Validation of traditional knowledge is a necessary step in the management of building integrated
knowledge-based systems. Traditional knowledge incorporated into knowledge-based systems
has to be verified for enhancing systems’ reliability. Weather lore knowledge exists in different
forms as identified by traditional communities; hence it needs to be tied together for comparison
and validation. The development of a weather lore validation tool that can integrate a framework
for acquiring weather data and methods of representing the weather lore in verifiable forms can
be a significant step in the validation of weather lore against actual weather records using
conventional weather-observing instruments. The success of validating weather lore could
stimulate the opportunity for integrating acceptable weather lore with modern systems of weather prediction to improve actionable information for decision making that relies on seasonal weather
prediction.
In this study a hybrid method is developed that includes computer vision and fuzzy cognitive
mapping techniques for verifying visual weather lore. The verification tool was designed with
forecasting based on mimicking visual perception, and fuzzy thinking based on the cognitive
knowledge of humans. The method provides meaning to humanly perceivable sky objects so that
computers can understand, interpret, and approximate visual weather outcomes.
Questionnaires were administered in two case study locations (KwaZulu-Natal province in South
Africa, and Taita-Taveta County in Kenya), between the months of March and July 2015. The
two case studies were conducted by interviewing respondents on how visual astronomical and
meteorological weather concepts cause weather outcomes. The two case studies were used to
identify causal effects of visual astronomical and meteorological objects to weather conditions.

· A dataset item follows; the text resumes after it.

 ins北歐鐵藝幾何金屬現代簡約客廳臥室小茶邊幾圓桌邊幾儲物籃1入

This was followed by finding variations and comparisons, between the visual weather lore
knowledge in the two case studies. The results from the two case studies were aggregated in
terms of seasonal knowledge. The causal links between visual weather concepts were
investigated using these two case studies; results were compared and aggregated to build up
common knowledge. The joint averages of the majority of responses from the case studies were determined for each set of interacting concepts.

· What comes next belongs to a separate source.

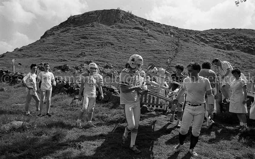 In June 1986 two rival American Football teams, the Barrhead Redhawks and the Johnstone Crusaders challenged each other to a race to the top of Barrhead's historic Craige each carrying a hospital bed and to raise funds for the Accord Hospice in Paisley. Picture by Stephen Mansfield

The modelling of the weather lore verification tool consists of input, processing components and
output. The input data to the system are sky image scenes and actual weather observations from
wireless weather sensors. The image recognition component performs three sub-tasks, including:
detection of objects (concepts) from image scenes, extraction of detected objects, and
approximation of the presence of the concepts by comparing extracted objects to ideal objects.
The prediction process involves the use of approximated concepts generated in the recognition
component to simulate scenarios using the knowledge represented in the fuzzy cognitive maps.
The verification component evaluates the variation between the predictions and actual weather
observations to determine prediction errors and accuracy.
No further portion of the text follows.